# Directions for this task
Starting at the first line of the data, please print exactly those lines through the one that holds "Бусы кожаные ОБЛАКО трансформируется в пояс.", omitting every picture.

Dataset excerpt Start Marker

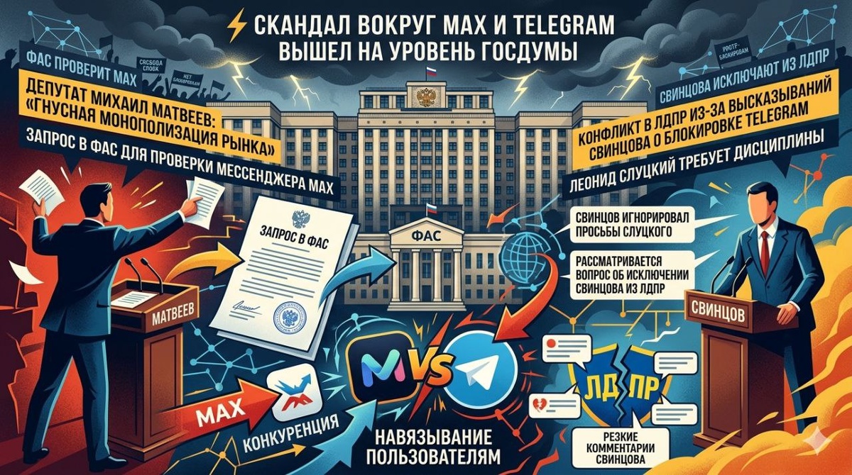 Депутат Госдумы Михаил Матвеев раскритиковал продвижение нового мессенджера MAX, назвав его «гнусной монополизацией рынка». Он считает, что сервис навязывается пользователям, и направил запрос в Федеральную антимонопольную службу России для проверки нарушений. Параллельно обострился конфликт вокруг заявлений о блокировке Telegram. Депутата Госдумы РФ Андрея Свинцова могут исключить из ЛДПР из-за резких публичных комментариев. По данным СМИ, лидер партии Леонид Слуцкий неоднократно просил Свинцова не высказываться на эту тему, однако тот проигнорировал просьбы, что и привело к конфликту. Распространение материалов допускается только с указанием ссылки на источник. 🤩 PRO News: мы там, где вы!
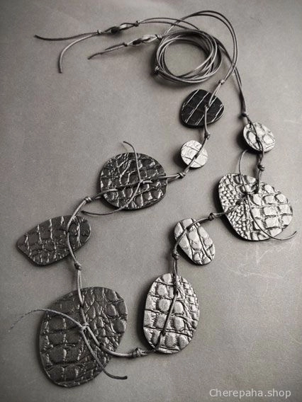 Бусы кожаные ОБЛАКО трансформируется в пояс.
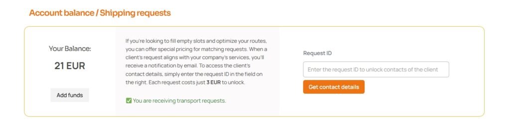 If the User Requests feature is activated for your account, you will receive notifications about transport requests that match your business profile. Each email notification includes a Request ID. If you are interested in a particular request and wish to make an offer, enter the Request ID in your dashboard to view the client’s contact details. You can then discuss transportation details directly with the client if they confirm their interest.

Dataset excerpt End Marker

# Solution for this problem
 Депутат Госдумы Михаил Матвеев раскритиковал продвижение нового мессенджера MAX, назвав его «гнусной монополизацией рынка». Он считает, что сервис навязывается пользователям, и направил запрос в Федеральную антимонопольную службу России для проверки нарушений. Параллельно обострился конфликт вокруг заявлений о блокировке Telegram. Депутата Госдумы РФ Андрея Свинцова могут исключить из ЛДПР из-за резких публичных комментариев. По данным СМИ, лидер партии Леонид Слуцкий неоднократно просил Свинцова не высказываться на эту тему, однако тот проигнорировал просьбы, что и привело к конфликту. Распространение материалов допускается только с указанием ссылки на источник. 🤩 PRO News: мы там, где вы!
 Бусы кожаные ОБЛАКО трансформируется в пояс.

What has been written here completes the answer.